You’re Doing it… Right.

You're Doing it... Right.
| August 20, 2012

Hello everyone and welcome once again to Patch Notes, starting this week Patch Notes will now be posted on Mondays.

What better way to start off your week than by reading about all the fancy downloadable games and content out there. In this week’s column I’ll be talking about a two titles that are nailing the freemium business model.

The-Simpsons-Tapped-Out-870First a little background on freemium. When something is described as freemium it means that there is a digital product or service that is offered free of charge but features in-application purchases for other features and in some cases content. This model has been used in many industries but has found  great success when it comes to games. There are tonnes of free games available for mobile devices, but more often than not you’ll find that these games are actually freemium games. Some popular examples include: The Simpsons: Tapped Out (iOS), Tribes: Ascend (PC), and Trade Nations (iOS). While all those games are good, especially Tribes, today I’m going to focus on two games which, in my opinion, are nailing this model.
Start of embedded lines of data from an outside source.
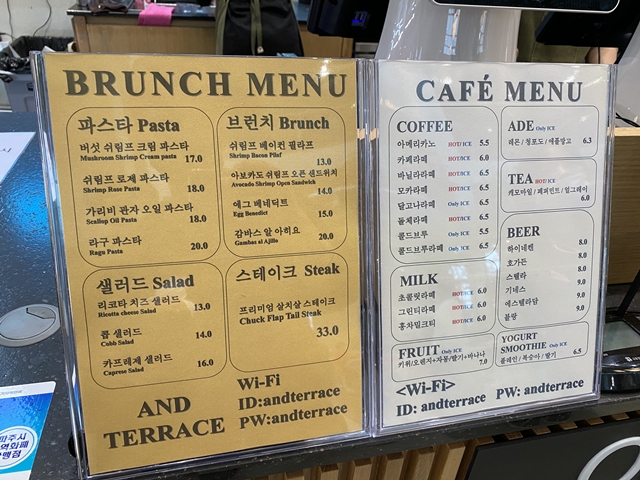파주 앤드테라스 브렌치 메뉴와 카페 메뉴입니다
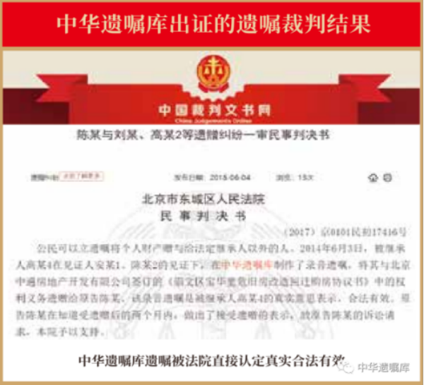 幸运的是,子女发现老人曾在中华遗嘱库订立过遗嘱,当法官拿出老人这份真实有效的遗嘱时,被告哑口无言,他称之为证据的自书遗嘱和录音遗嘱也被判为无效。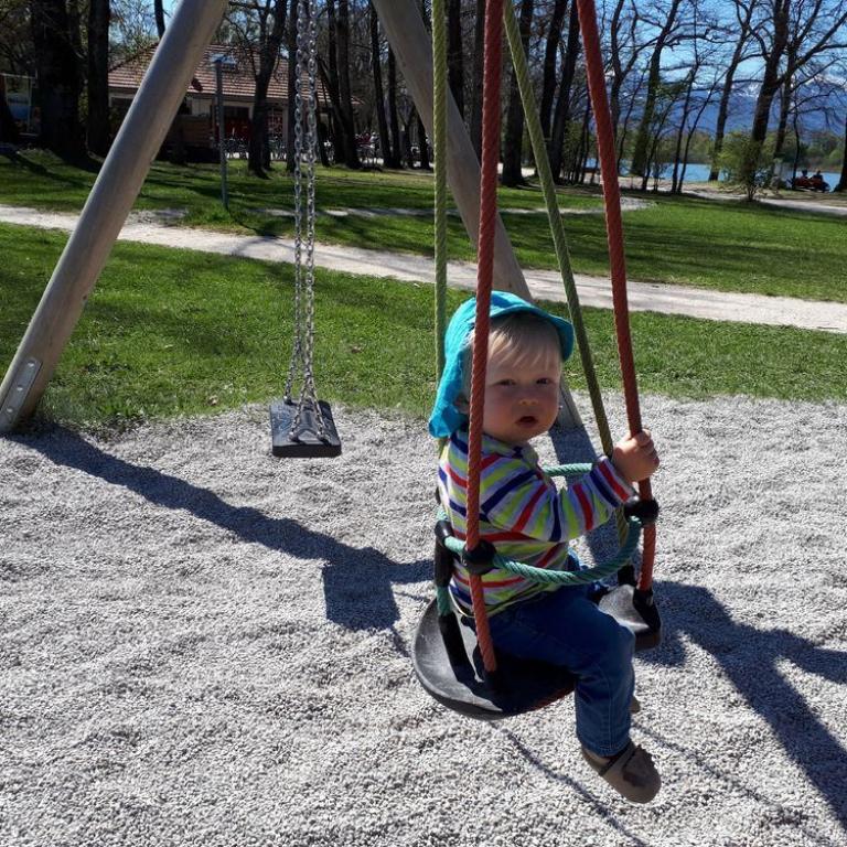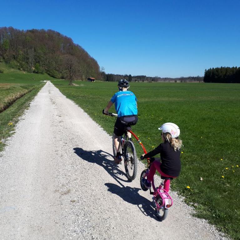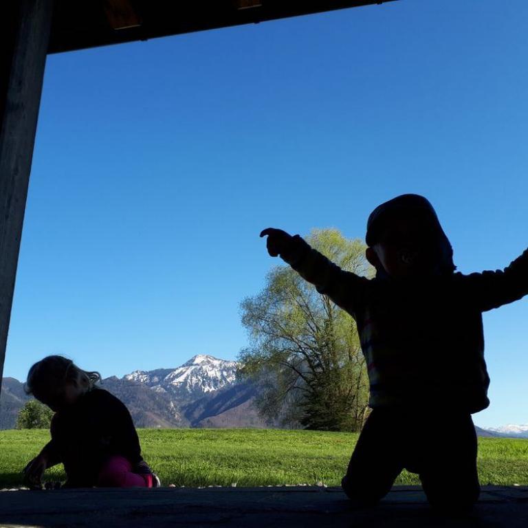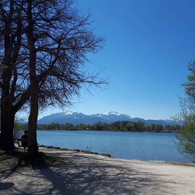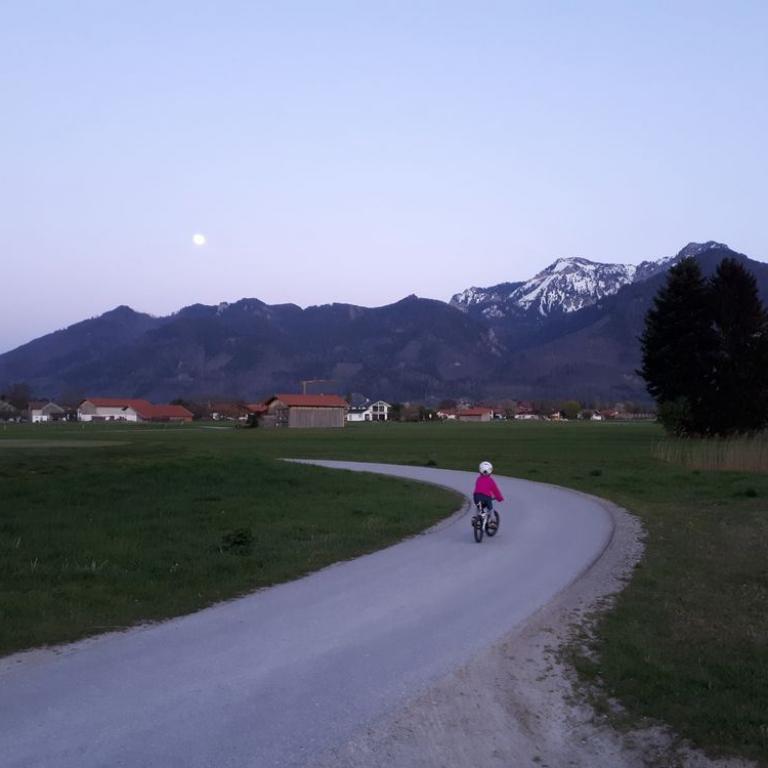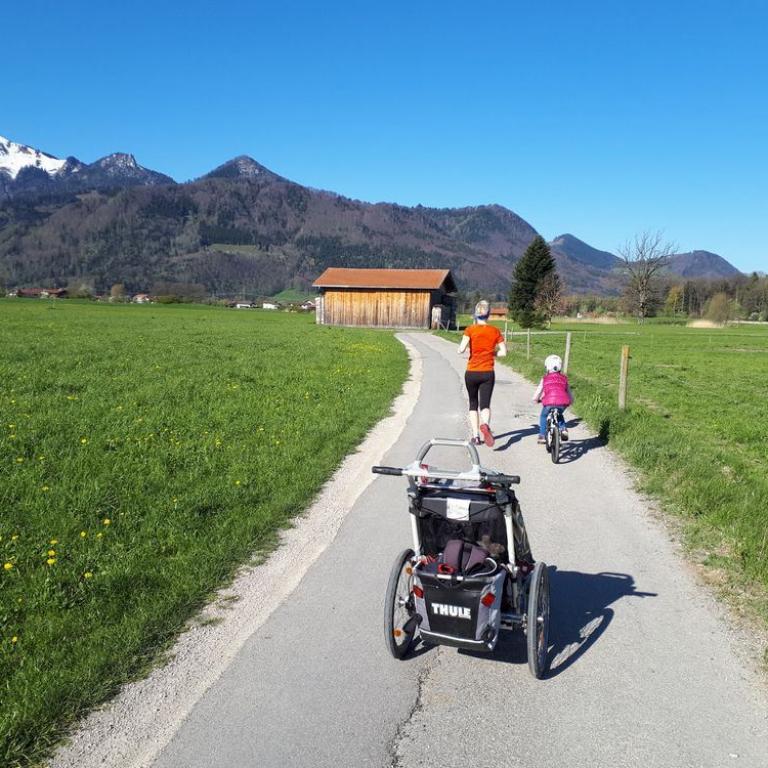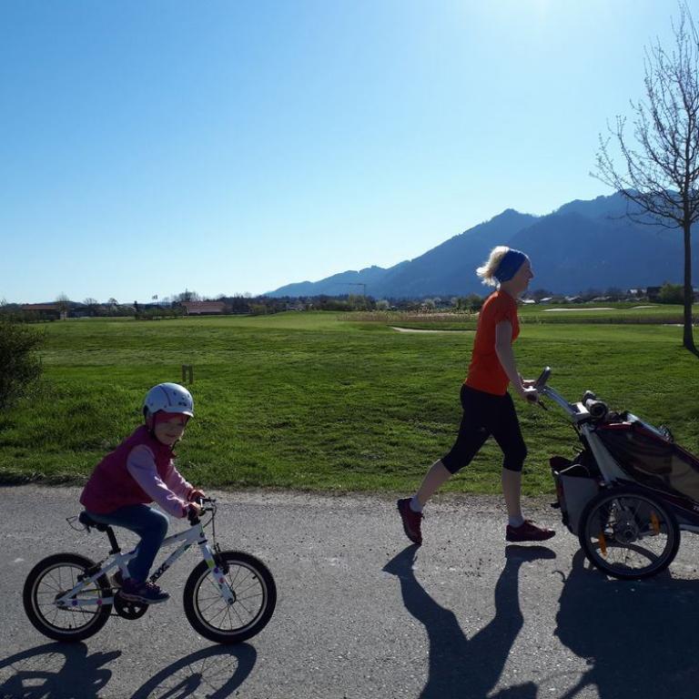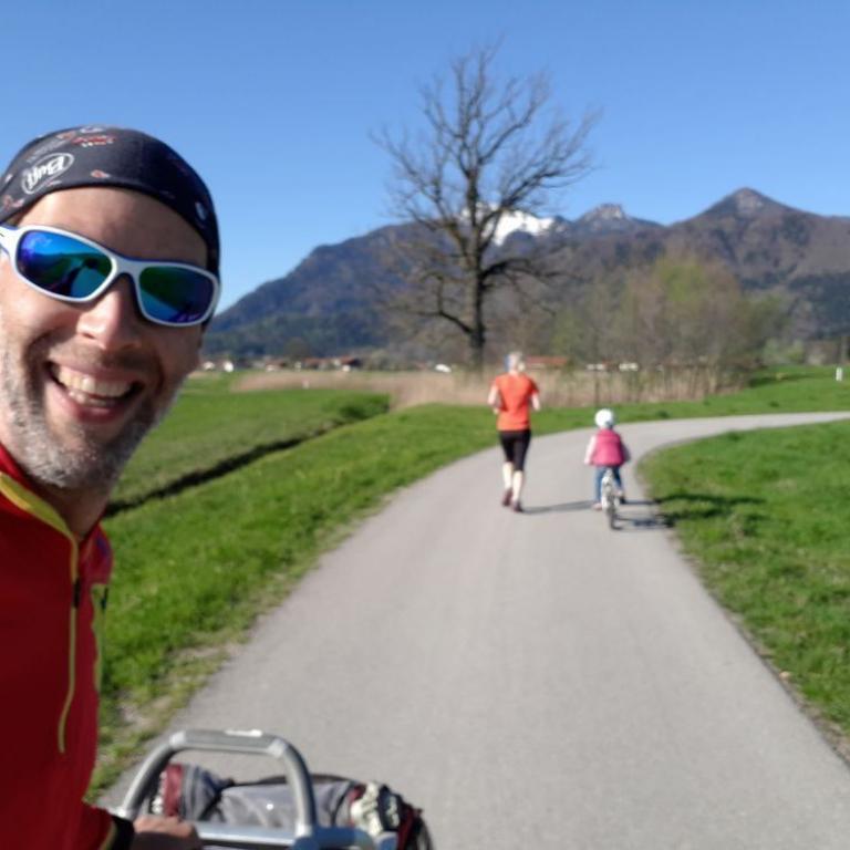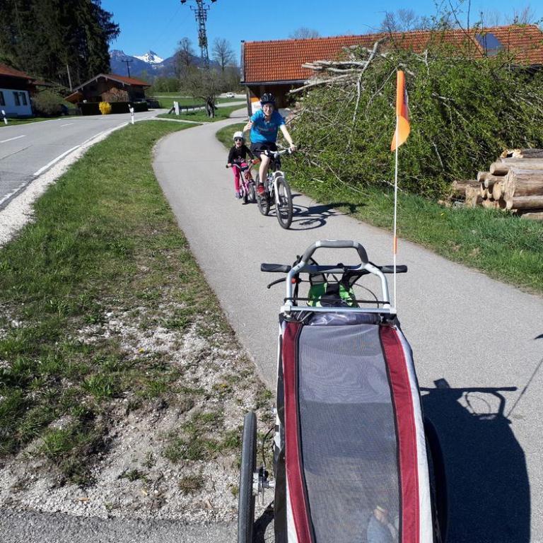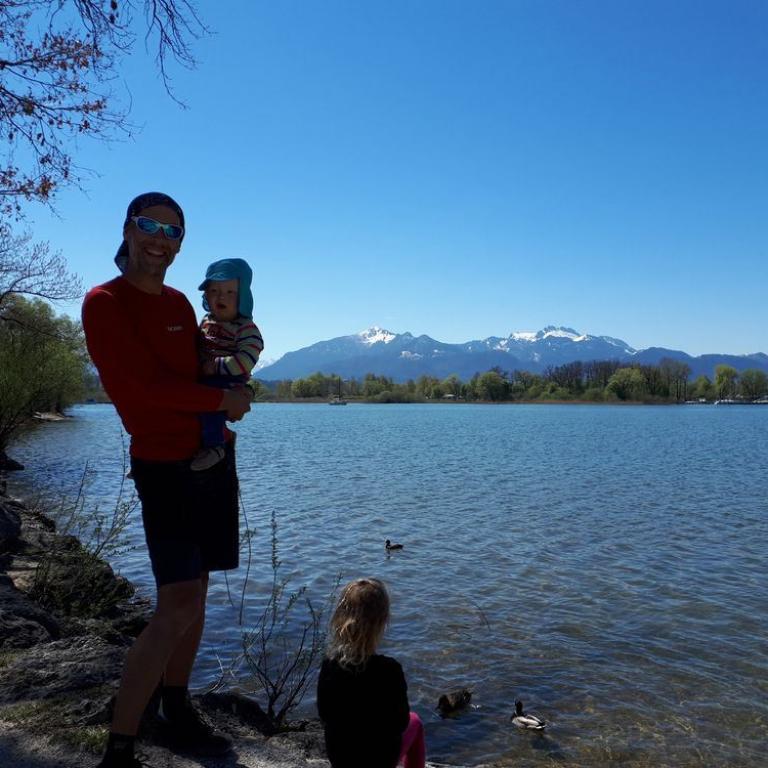 Nach einem kleinen Frühstück radelten wir mit den Mountainbikes los. Emma hing mit ihrem Puky an Brigittes MTB und ich zog Timi im Babyjogger. Über Panoramawege mit Blick auf schneebedeckte Berge fuhren wir bis zum Chiemsee. Ganz klar war unser Ziel ein kleiner Spielplatz für die Zwerge. Nach einer kleinen Stärkung radelten wir am Chiemseeufer entlang bis Bernau, wo wir den nächsten Spielplatz unsicher machten :-) Auf Radwegen fuhren wir über den Grassauer Golfplatz zurück in Richtung Wohnung. An einer sonnigen Bank machten wir Halt und kochten mit unserem Gaskocher Kartoffelbrei und dazu gab es Tomatenfisch :-) Nach der Brotzeit ging es zurück in die Wohnung wo alle in die Badewanne durften

The first title which I feel is nailing the freemium model is a game from Backflip Studios called  DragonVale. The premise of DragonVale is simple: You have a dragon theme park and it’s up to you to bring in throngs of people. This is accomplished by decorating your park, or more importantly, by breeding dragons. In DragonVale breeding is done by selecting two different dragons and seeing what the pair produce. Each egg has a breeding time and an incubation time which are processed in real-time. This means you can end up waiting 48 hours for a dragon or egg, if you don’t have any gems that is. This is where the freemium idea comes in, in DragonVale you can pay real money for gems, the in-game currency, which you can then use to speed up construction, breeding, or incubation times. This is all well and good for all the impatient people out there but where Backflip really gets it is by allowing players to spend gems on other items or upgrades. In DragonVale you can upgrade your Breeding Cave or other buildings with gems or buy rare dragons instead of breeding them. Anything that can be bought in the game can also be earned which I feel is the more satisfying option.

There’s more to how DragonVale is doing things right but I want to get into to my other example first. Anyone who is even vaguely familiar with first-person shooters or PC gaming in general has definitely heard of Team Fortress 2. TF2 has been around since 2007 when it was released alongside Portal and Half-Life 2: Episode 2 as part of the Orange Box. When it was released, TF2 was a tightly balanced, amazingly fun, multiplayer first-person shooter that sold for around $20 on its own. Then in 2011 likely due to the game’s enormous success TF2‘s publisher/developer Valve Software decided that they had made enough money off the title and decided that it should be free, for everyone, forever. I said that the shift to the free-to-play model was due to the game’s success but in truth it probably had more to do with the introduction of the Mann Co. store. Can you guess what the Mann Co. store added to TF2? Well yes, more hats would be correct but it also added microtransactions. So, since the game is free and is monetized by microtransactions that makes it? Yup, you guessed it, freemium. At the Mann Co. store players can purchase all sorts of goodies like hats, weapons, hats, mini-games, hats, paint, hats, labels, and I’ve heard you can even get hats.


We have two very different games employing the same business model and doing it fantastically well. This is most likely due to many factors but both games have one element in common which does what every freemium game needs to do, keep people playing. That one element is…new content. I have played many freemium games in my day but none have been as compelling as DragonVale and TF2. The whole reason that I keep coming back is because I want to see what they’re going to do next. TF2 is probably one of the best supported titles in videogame history. Even now, five years after release Valve is still releasing new content for TF2. In fact, the game just received a massive update which adds new maps and a whole new way to play. It just astounds me that Valve continues to support this title in such amazing ways instead of doing what most publishers do, which is to move on to the sequel. DragonVale also doing essentially the same thing. Backflip Studios regularly adds updates to the game sometimes without even telling players. Over the past nine months that I have been playing DragonVale Backflip has added so many new dragons that’s I’ve lost count. Some are limited, meaning they have to be bred by a certain date, while others have been made permanent. Often dragons are tied to holidays which are happening at the same time or real world events. For example, around St. Patrick’s Day players could breed a Clover Dragon and more recently the Olympus Dragons were introduced at the same time the 2012 Olympics got underway in London, England. It’s the fact that these two titles keep releasing meaningful content that keep me and a lot of other players coming back for more. While it may be an old saying from the days of mafia run Vegas casinos but “ The longer they play, the more they’ll pay.” In addition to the regular content updates that I feel make these games successful  and compelling there isn’t much you can get in these freemium games that cannot be earned by good ol’ fashioned hard work. Almost everything that can be purchased in these games can also be earned by playing the game. All you have to do is have some patience and be willing to put in the time. If you do that the rewards are all the sweeter. Why? Because your earned them.